Records for this task

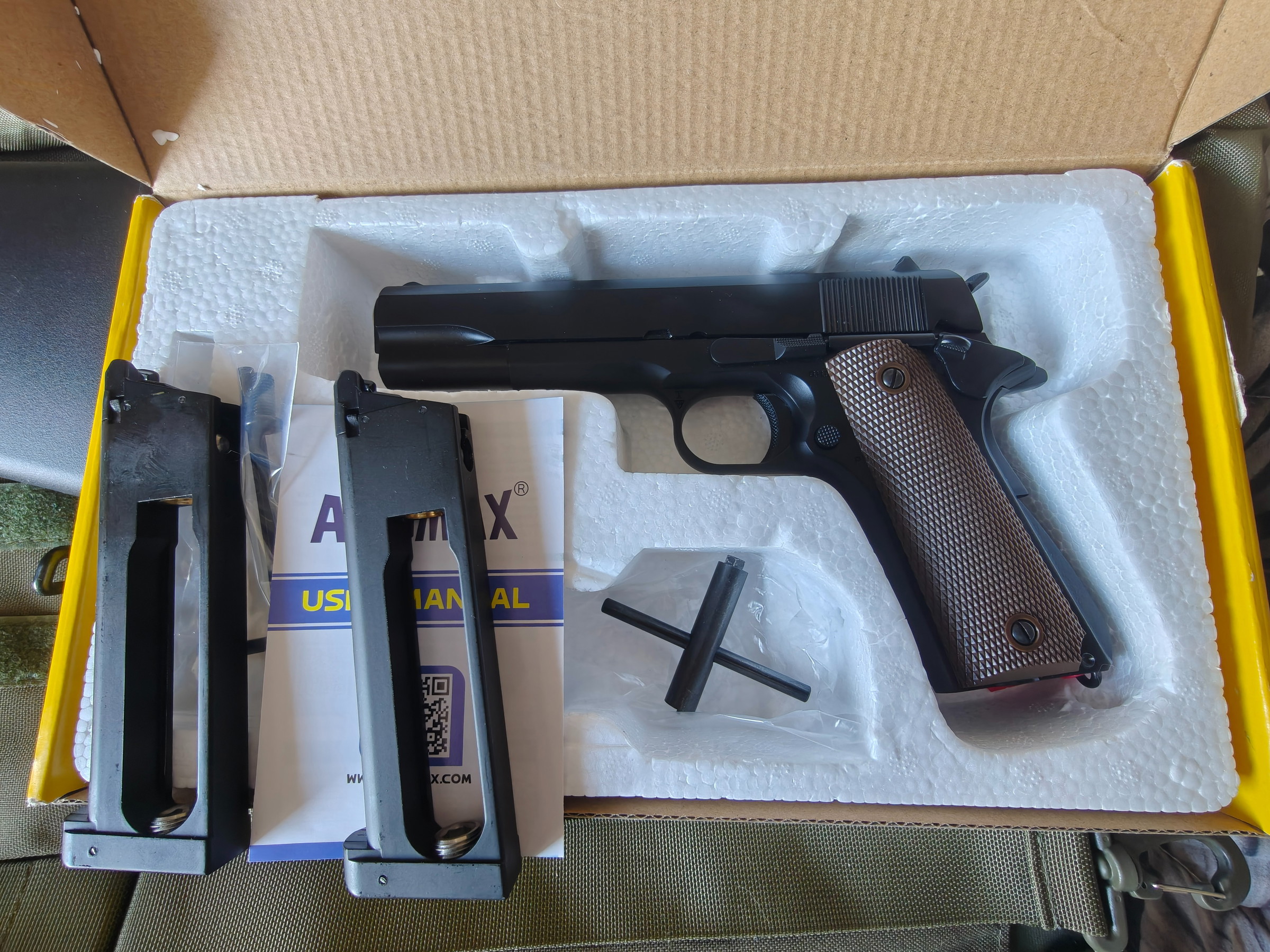 Orginele doos met alle onderdelen en 2 magazijnen plus extra pistool houder
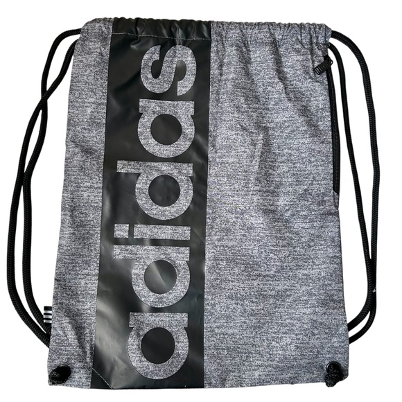Adidas Draw String Gym Sack Black Gray Merle Zipper Side Pocket Logo
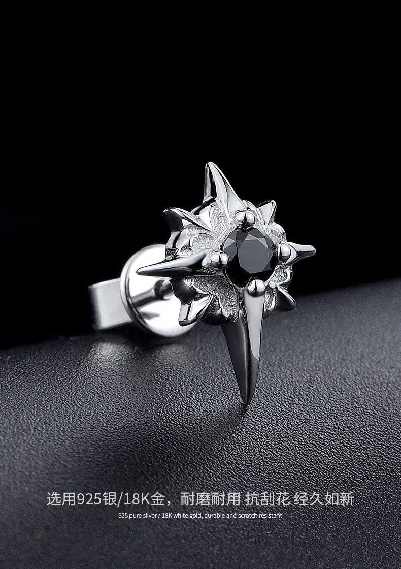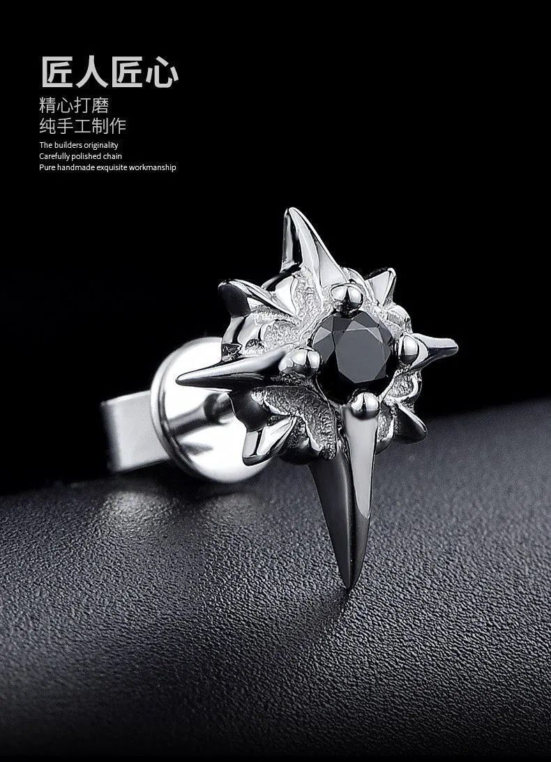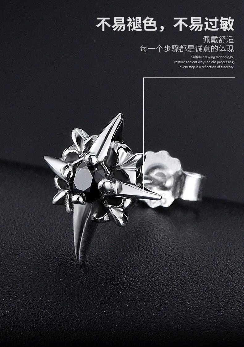 519 men's fashionable personality men's European and American hip-hop black ruffian handsome personality retro earrings temperament
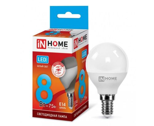 ASD/InHome лампа св/д шар P45 E14 8W(760lm) 4000К 4K 83x45 (без пульсации)
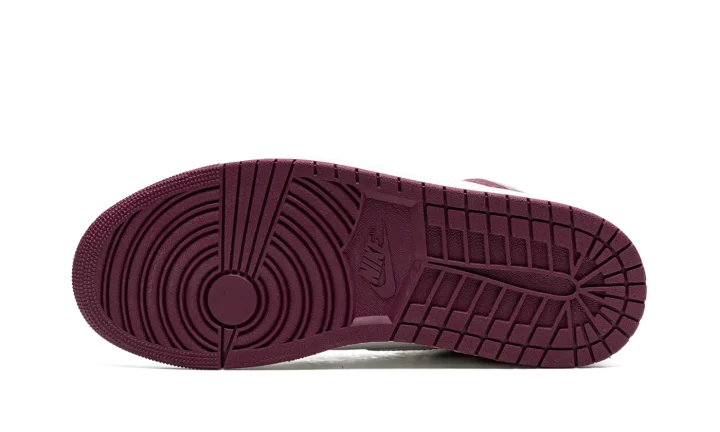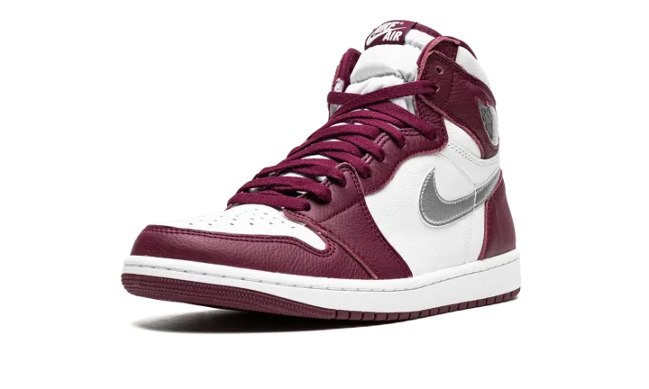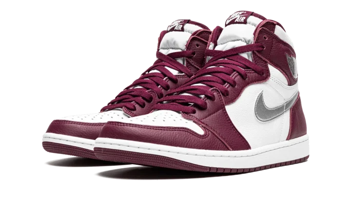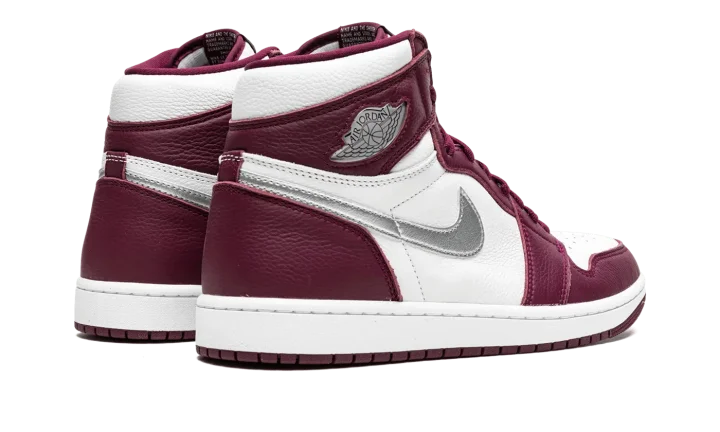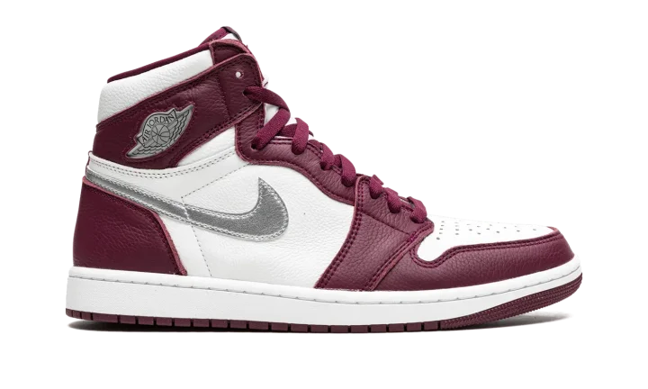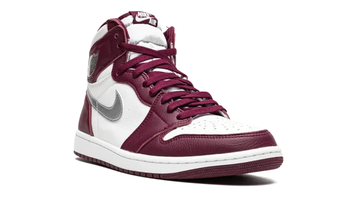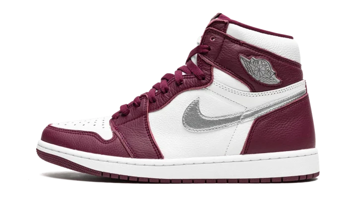 The Air Jordan 1 High OG "Bordeaux" is a November 2021 release of the iconic basketball shoe in an autumn-inspired colorway. The "Bordeaux" nickname has appeared on several classic Air Jordan styles, including the original Air Jordan 7 in the early '90s and the Air Jordan 6 in 2021. Here, Michael Jordan's first signature shoe continues the popular color theme with a mostly two-tone, white-and-maroon-colored look. Specifically, the perforated toe, mid-panel, and collar are designed in white tumbled leather. Contrasting wine-red Bordeaux leather can be found on the forefoot, eyelets, collar, and heel. A Metallic Silver leather Swoosh graces both sides of the shoe and a silver "Wings" logo is located on the collar. Classic white "Nike Air" branding is printed on the Bordeaux nylon tongue tag on the top of the white nylon tongue. Release date: November 20, 2021

What you will do
No pictures belong in the answer, only the lines from the top of the listing through the line containing "ASD/InHome лампа св/д", repeated word for word.

Answer space
 Orginele doos met alle onderdelen en 2 magazijnen plus extra pistool houder
Adidas Draw String Gym Sack Black Gray Merle Zipper Side Pocket Logo
 519 men's fashionable personality men's European and American hip-hop black ruffian handsome personality retro earrings temperament
 ASD/InHome лампа св/д шар P45 E14 8W(760lm) 4000К 4K 83x45 (без пульсации)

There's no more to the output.